** Opening DATA SUPPLIED block **

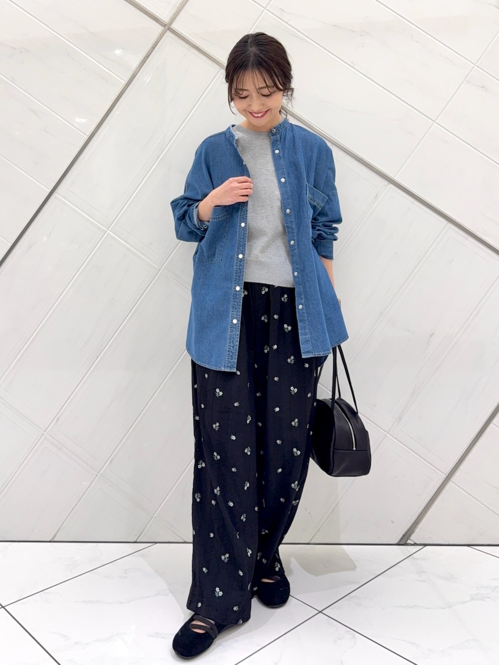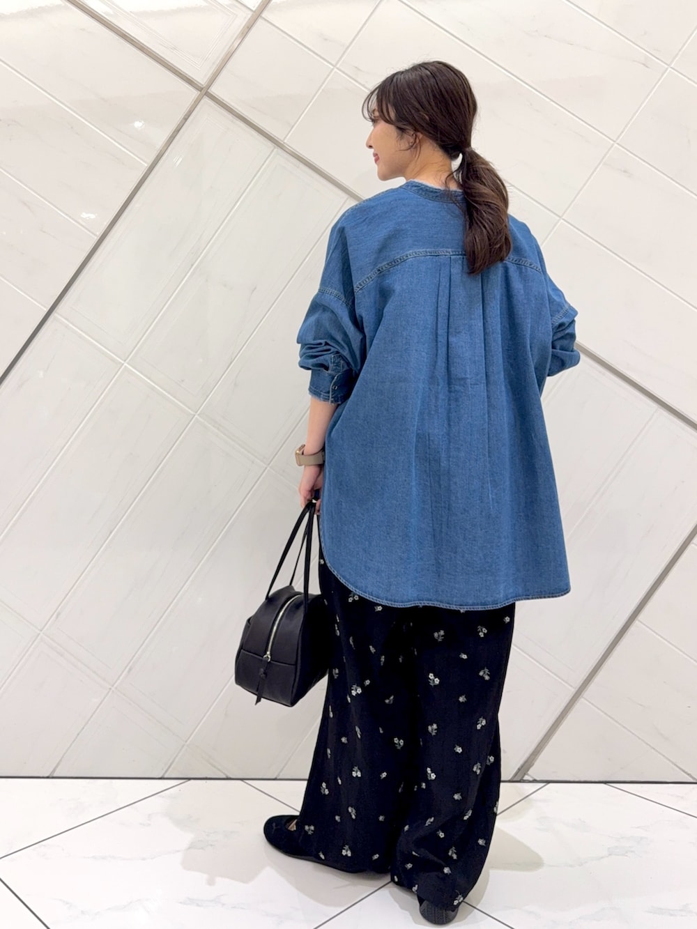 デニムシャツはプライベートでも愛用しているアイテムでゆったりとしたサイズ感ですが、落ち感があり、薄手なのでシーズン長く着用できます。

** Closing DATA SUPPLIED block **
** Opening DATA SUPPLIED block **

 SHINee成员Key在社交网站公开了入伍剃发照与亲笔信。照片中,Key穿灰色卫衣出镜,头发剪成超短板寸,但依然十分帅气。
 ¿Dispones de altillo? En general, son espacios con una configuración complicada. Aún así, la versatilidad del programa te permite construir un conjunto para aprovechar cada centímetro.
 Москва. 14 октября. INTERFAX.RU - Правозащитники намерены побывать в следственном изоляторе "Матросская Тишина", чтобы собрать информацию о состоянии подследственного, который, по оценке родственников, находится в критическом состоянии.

** Closing DATA SUPPLIED block **

Reproduce exactly, and only, the part of the listing above that begins at the line with "aprovechar cada centímetro." and goes on through the line with "Москва. 14 октября.".

RESPONSE TO THIS EXERCISE:
 ¿Dispones de altillo? En general, son espacios con una configuración complicada. Aún así, la versatilidad del programa te permite construir un conjunto para aprovechar cada centímetro.
 Москва. 14 октября. INTERFAX.RU - Правозащитники намерены побывать в следственном изоляторе "Матросская Тишина", чтобы собрать информацию о состоянии подследственного, который, по оценке родственников, находится в критическом состоянии.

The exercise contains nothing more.